→ Records to process
####################

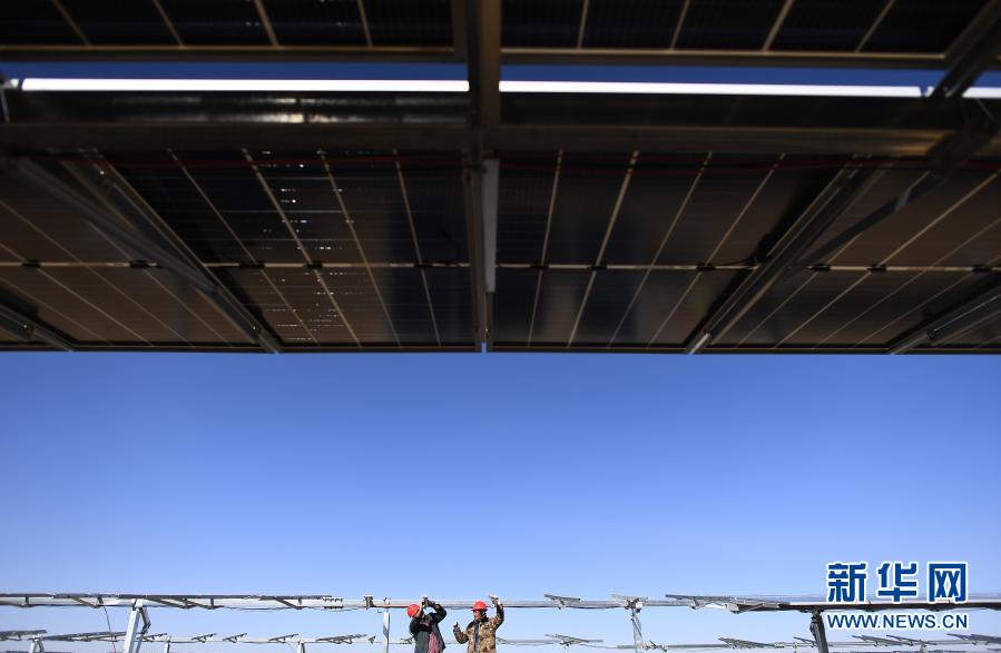 12月15日,在青海省海南藏族自治州共和县中国大唐集团有限公司30万千瓦竞价光伏项目现场,工人在进行安装作业。
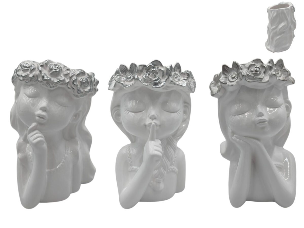 Início Decoração Figuras de Decoração CERAMICA- BUSTO MENINA COR:PRATA
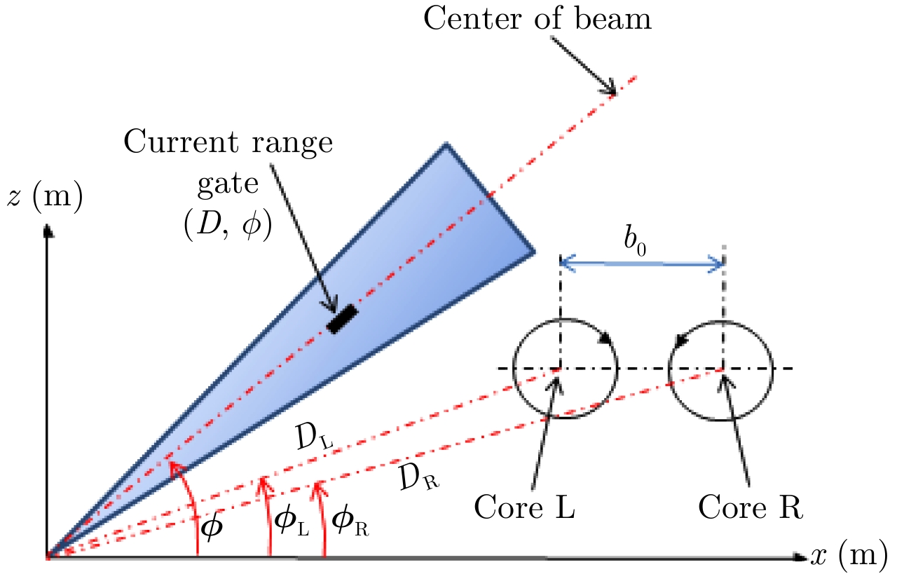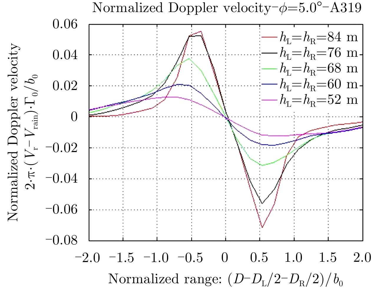 $\begin{align}{V_{\rm{r}}} = & {V_{{\rm{rain}}}} + \frac{{{\Gamma _L}}}{{2 \cdot {{π}} \cdot {b_0}}} \cdot {A_{\rm{L}}}\left( {\frac{{D - {D_{\rm{L}}}}}{{{b_0}}},\frac{{\phi - {\phi _{\rm{L}}}}}{{{\phi _{{\rm{beam}}}}}}} \right)\\&- \frac{{{\Gamma _{\rm{R}}}}}{{2 \cdot {{π}} \cdot {b_0}}} \cdot {A_{\rm{R}}}\left( {\frac{{D - {D_{\rm{R}}}}}{{{b_0}}},\frac{{\phi - {\phi _{\rm{R}}}}}{{{\phi _{{\rm{beam}}}}}}} \right)\end{align}$ | (2) |
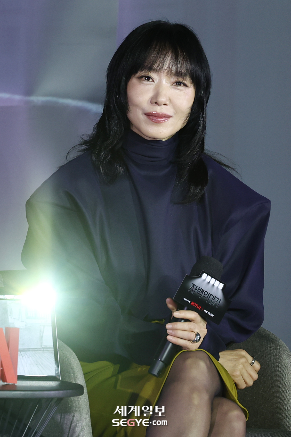 배우 전도연이 3일 용산 CGV에서 열린 넷플릭스 시리즈 ’자백의 대가’ 언론시사회에 참석해 취재진의 질문을 경청하고 있다.
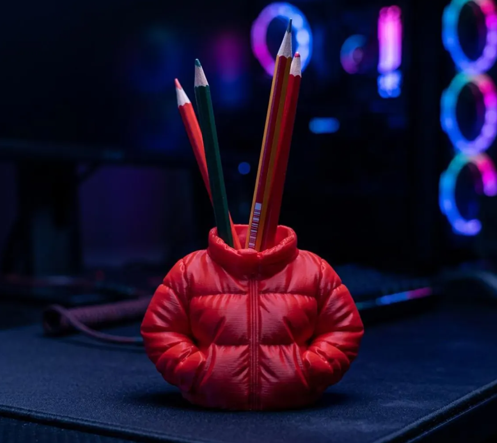 Add some personality to your workspace with this adorable 3D printed jacket pencil holder! This charming desk organizer brings a touch of whimsy to any office, classroom, or study space. The detailed jacket design features realistic zipper lines and pocket details that make it look like a miniature piece of clothing ready to hold all your writing essentials.
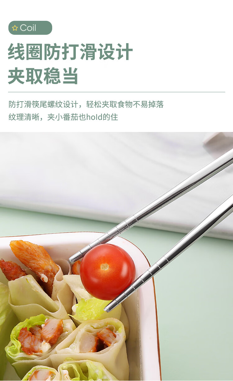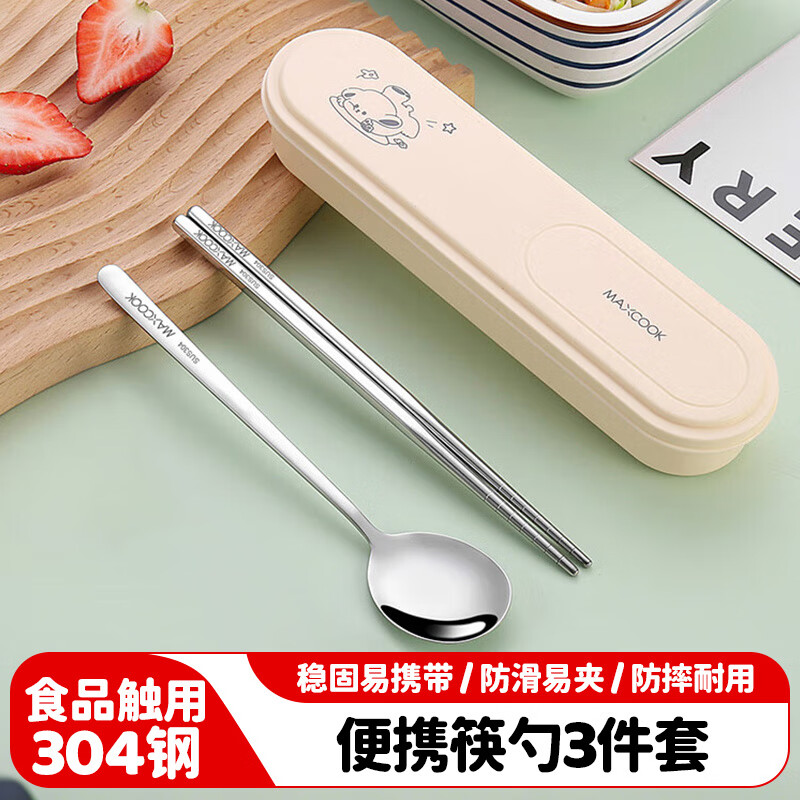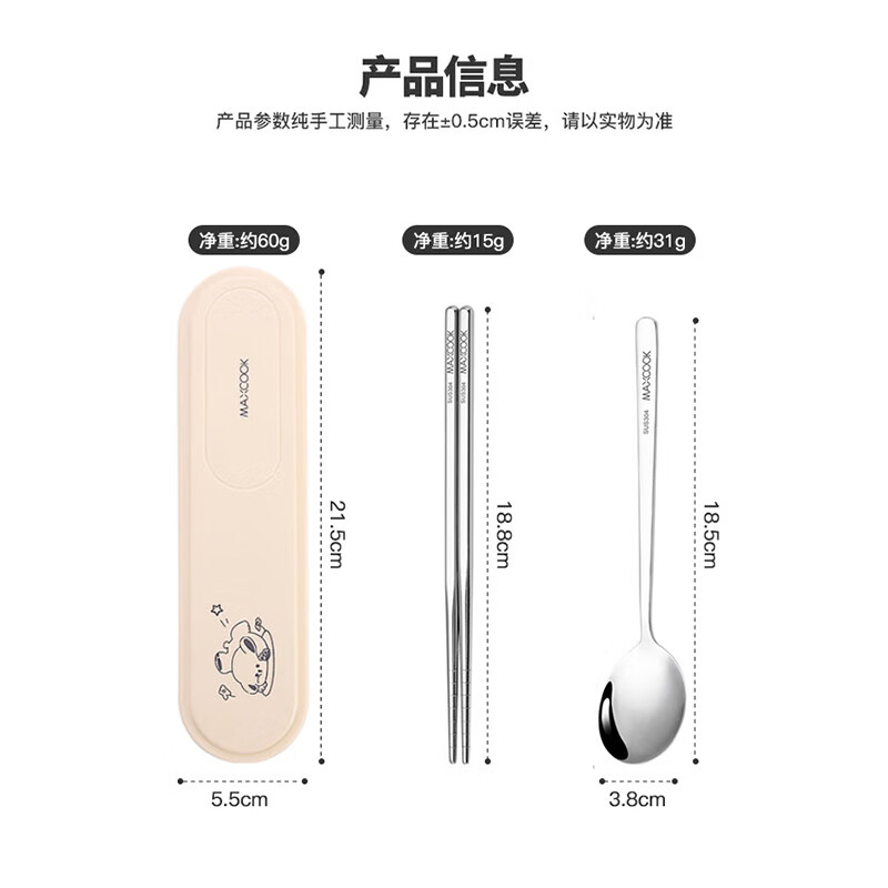 美厨(maxcook)304不锈钢筷子勺子餐具套装 便携式筷勺三件套 奶油白MCGC0598 304不锈钢便携筷勺/个
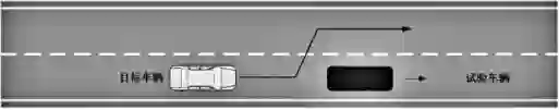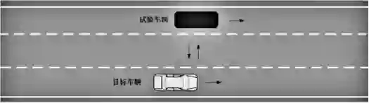试验车辆以(50+2) km/h 匀速直线行驶,目标车辆以(60±2)km/h 同车道驶向测试车辆,见图 9。开始测试时,目标车辆与试验车辆相距大于 20m,当目标车辆距试验车辆图 4、图 5 所示 B 线 10m 时,目标车辆以 0.55m/s~0. 85m/s 的侧向速度从试验车辆侧后方进行变道至两车的横向距离在(1.5+0.3)m。变道完成后,目标车辆保持直线行驶,直至目标车辆完全超越试验车辆的前缘,当目标车辆的前缘超越试验车辆图 4、图 5 所示 C 线 3m 时,试验结束。测试完成后应由试验车辆另一侧重复进行该试验。
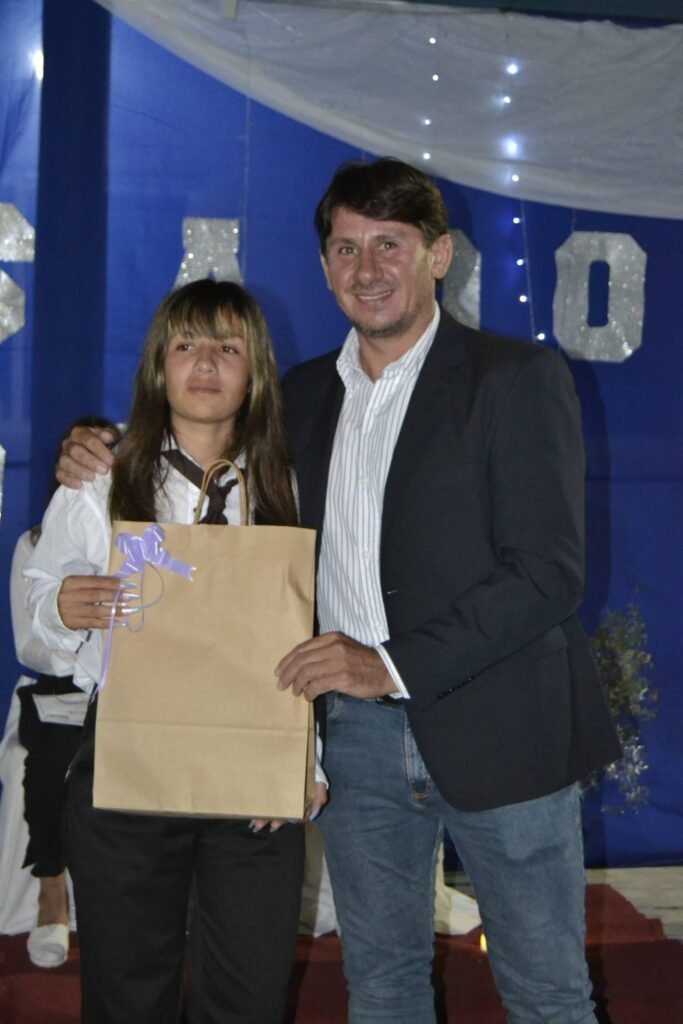 El Sr. Intendente Raúl Cañete, junto al Viceintendente Mauro Grunevalt, el Secretario General Norberto Miño, el Secretario de Acción Social Ariel Arce, la Secretaria de Cultura, Carina Arizaga, y, los Concejales Mariana Vega, Humberto Osorio y Mauro Ojeda, participaron del acto realizado en la E.F.A. Esperanza Campesina IS-21, en Colonia Coronel Schweizer.En esta oportunidad, el Poder Ejecutivo realizó la entrega de una beca correspondiente al año 2026 a la alumna con mejor promedio, Flores Camila Alejandra, por un monto de $1.300.000.
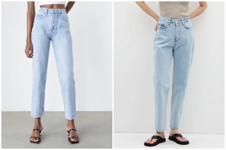 Також сучасною базою стали джинси Mom, які повернулися до нас кілька років тому в якості тренду. Вони посунули скінні, що панували далеко не один рік. Спочатку на контрасті зі скінні вони багатьом здавалися широкими, але все пізнається в порівнянні. Якщо порівняти з подальшими трендами, то на широкі вони ну ніяк не тягнуть.
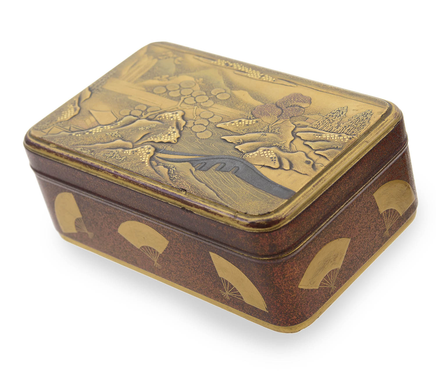 Rectangular lacquer box with main design of Mount Fuji, hillsides, river & bridge in a range of Maki-e (Sprinkled Picture) techniques including, Takamaki-e (high relief), Hiramaki-e (low relief), Togidashi, Nashiji and Kirikane, 4.5 x 12 x 7cm
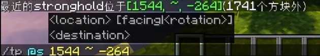 如果我们不想费时费力地寻找要塞,也可以使用指令来直接定位或者传送到要塞。在聊天框中输入/locate stronghold指令后,就会显示最近的要塞坐标;输入/tp @s 坐标 后,就会直接传送到要塞入口。
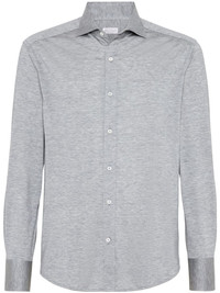 silk-cotton button-up shirt Highlights - Grey - Silk-cotton blend - Classic collar - Front button fastening - Long sleeves - Buttoned cuffs - Curved hem Made in Italy Composition Silk 62%, Cotton 38% Washing instructions Read Manufacturer Guidelines
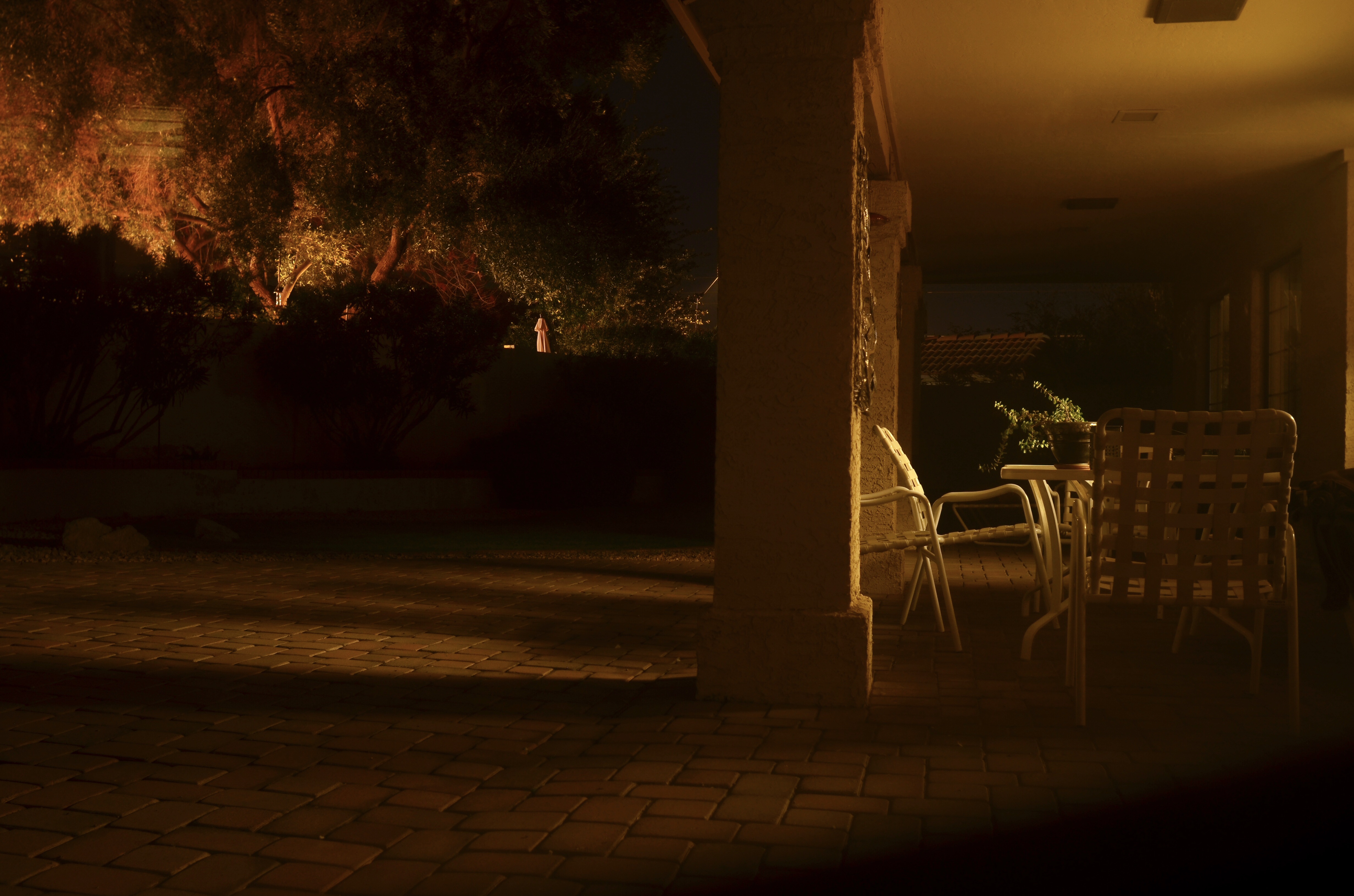 What you see here is the attempt to imprison two years within a single image. I was struck, New Year’s Eve, by the contrast between my party-prone neighbors (they of the brightly lit trees to the left) and my own party-resistant nature (the quiet patio to the right), so much so that I thought the comparison of the two worlds was worth a picture. I set up the camera from my bedroom window and ran a few tests as the last hours of 2019 drained away, then tripped my remote timer in the final seconds of that dying year, so that the 43-second exposure would originate in one year and end in the next. Nothing much would change over the taking of the image, but I would know that I had crammed two years into one frame. Like time itself, a trick, an illusion. Turns out, that one year looks quite like another, with less to distinguish them than there is to distinguish my neighbor’s busy yard from my still one. There wasn’t so much as a fleeting firecracker light trail to betray the secret that I had taken a picture of time travel. Just the strange fable in my head. Just as it’s always been.

####################

→ Aim of the task
Would you output the data exactly, without any of its images?

→ Problem solution
 12月15日,在青海省海南藏族自治州共和县中国大唐集团有限公司30万千瓦竞价光伏项目现场,工人在进行安装作业。
 Início Decoração Figuras de Decoração CERAMICA- BUSTO MENINA COR:PRATA
 $\begin{align}{V_{\rm{r}}} = & {V_{{\rm{rain}}}} + \frac{{{\Gamma _L}}}{{2 \cdot {{π}} \cdot {b_0}}} \cdot {A_{\rm{L}}}\left( {\frac{{D - {D_{\rm{L}}}}}{{{b_0}}},\frac{{\phi - {\phi _{\rm{L}}}}}{{{\phi _{{\rm{beam}}}}}}} \right)\\&- \frac{{{\Gamma _{\rm{R}}}}}{{2 \cdot {{π}} \cdot {b_0}}} \cdot {A_{\rm{R}}}\left( {\frac{{D - {D_{\rm{R}}}}}{{{b_0}}},\frac{{\phi - {\phi _{\rm{R}}}}}{{{\phi _{{\rm{beam}}}}}}} \right)\end{align}$ | (2) |
 배우 전도연이 3일 용산 CGV에서 열린 넷플릭스 시리즈 ’자백의 대가’ 언론시사회에 참석해 취재진의 질문을 경청하고 있다.
 Add some personality to your workspace with this adorable 3D printed jacket pencil holder! This charming desk organizer brings a touch of whimsy to any office, classroom, or study space. The detailed jacket design features realistic zipper lines and pocket details that make it look like a miniature piece of clothing ready to hold all your writing essentials.
 美厨(maxcook)304不锈钢筷子勺子餐具套装 便携式筷勺三件套 奶油白MCGC0598 304不锈钢便携筷勺/个
试验车辆以(50+2) km/h 匀速直线行驶,目标车辆以(60±2)km/h 同车道驶向测试车辆,见图 9。开始测试时,目标车辆与试验车辆相距大于 20m,当目标车辆距试验车辆图 4、图 5 所示 B 线 10m 时,目标车辆以 0.55m/s~0. 85m/s 的侧向速度从试验车辆侧后方进行变道至两车的横向距离在(1.5+0.3)m。变道完成后,目标车辆保持直线行驶,直至目标车辆完全超越试验车辆的前缘,当目标车辆的前缘超越试验车辆图 4、图 5 所示 C 线 3m 时,试验结束。测试完成后应由试验车辆另一侧重复进行该试验。
 El Sr. Intendente Raúl Cañete, junto al Viceintendente Mauro Grunevalt, el Secretario General Norberto Miño, el Secretario de Acción Social Ariel Arce, la Secretaria de Cultura, Carina Arizaga, y, los Concejales Mariana Vega, Humberto Osorio y Mauro Ojeda, participaron del acto realizado en la E.F.A. Esperanza Campesina IS-21, en Colonia Coronel Schweizer.En esta oportunidad, el Poder Ejecutivo realizó la entrega de una beca correspondiente al año 2026 a la alumna con mejor promedio, Flores Camila Alejandra, por un monto de $1.300.000.
 Також сучасною базою стали джинси Mom, які повернулися до нас кілька років тому в якості тренду. Вони посунули скінні, що панували далеко не один рік. Спочатку на контрасті зі скінні вони багатьом здавалися широкими, але все пізнається в порівнянні. Якщо порівняти з подальшими трендами, то на широкі вони ну ніяк не тягнуть.
 Rectangular lacquer box with main design of Mount Fuji, hillsides, river & bridge in a range of Maki-e (Sprinkled Picture) techniques including, Takamaki-e (high relief), Hiramaki-e (low relief), Togidashi, Nashiji and Kirikane, 4.5 x 12 x 7cm
 如果我们不想费时费力地寻找要塞,也可以使用指令来直接定位或者传送到要塞。在聊天框中输入/locate stronghold指令后,就会显示最近的要塞坐标;输入/tp @s 坐标 后,就会直接传送到要塞入口。
 silk-cotton button-up shirt Highlights - Grey - Silk-cotton blend - Classic collar - Front button fastening - Long sleeves - Buttoned cuffs - Curved hem Made in Italy Composition Silk 62%, Cotton 38% Washing instructions Read Manufacturer Guidelines
 What you see here is the attempt to imprison two years within a single image. I was struck, New Year’s Eve, by the contrast between my party-prone neighbors (they of the brightly lit trees to the left) and my own party-resistant nature (the quiet patio to the right), so much so that I thought the comparison of the two worlds was worth a picture. I set up the camera from my bedroom window and ran a few tests as the last hours of 2019 drained away, then tripped my remote timer in the final seconds of that dying year, so that the 43-second exposure would originate in one year and end in the next. Nothing much would change over the taking of the image, but I would know that I had crammed two years into one frame. Like time itself, a trick, an illusion. Turns out, that one year looks quite like another, with less to distinguish them than there is to distinguish my neighbor’s busy yard from my still one. There wasn’t so much as a fleeting firecracker light trail to betray the secret that I had taken a picture of time travel. Just the strange fable in my head. Just as it’s always been.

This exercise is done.